_WHAT YOU SHOULD DO:_ Write the listing out again word for word, leaving each picture behind.

DATASET CONTENT: Begin

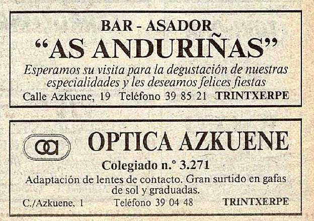 Por supuesto, los lectores recordarán otras muchas ópticas guipuzcoanas cercanas a ellos, desaparecidas o que permanecen, como esta de Trintxerpe cuyo anuncio encontramos hace cuarenta años, en el verano de 1985…
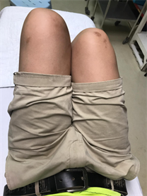 Figure 1. Initial presentation of 5 cm longer limb length discrepancy over the left leg with valgus deformity of the left knee.
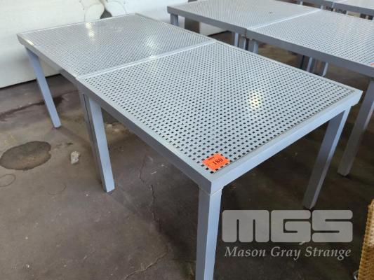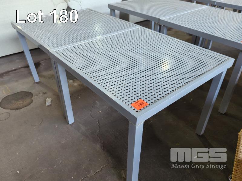 2 X OUTDOOR TABLES - COATED ALUMINIUM, MESH TOP, LIGHT GREY COLOUR. 91 X 91 X 70 CM (W D H)
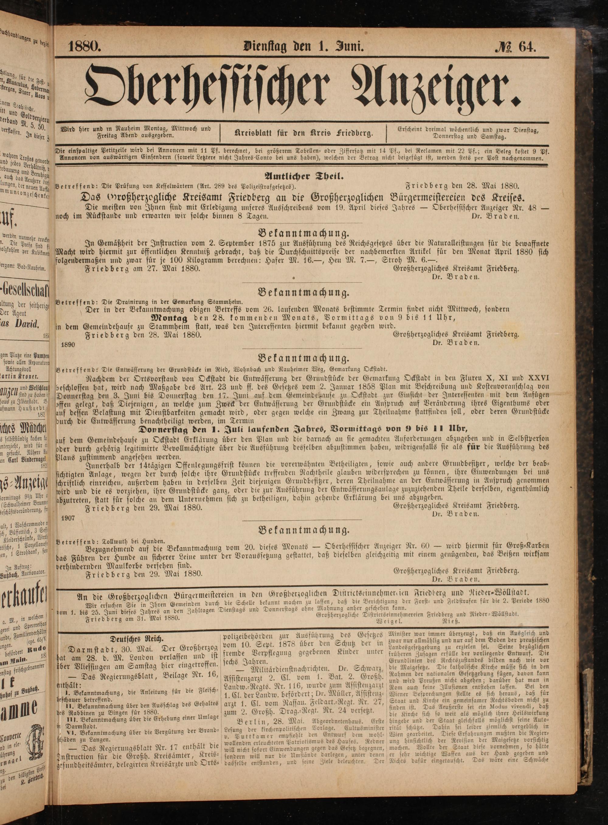Friedberg den 29. Mai 1880. Großherzogliches Kreisamt Friedberg. Dr. Braden. a

DATASET CONTENT: End

_EXERCISE RESPONSE:_
 Por supuesto, los lectores recordarán otras muchas ópticas guipuzcoanas cercanas a ellos, desaparecidas o que permanecen, como esta de Trintxerpe cuyo anuncio encontramos hace cuarenta años, en el verano de 1985…
 Figure 1. Initial presentation of 5 cm longer limb length discrepancy over the left leg with valgus deformity of the left knee.
 2 X OUTDOOR TABLES - COATED ALUMINIUM, MESH TOP, LIGHT GREY COLOUR. 91 X 91 X 70 CM (W D H)
Friedberg den 29. Mai 1880. Großherzogliches Kreisamt Friedberg. Dr. Braden. a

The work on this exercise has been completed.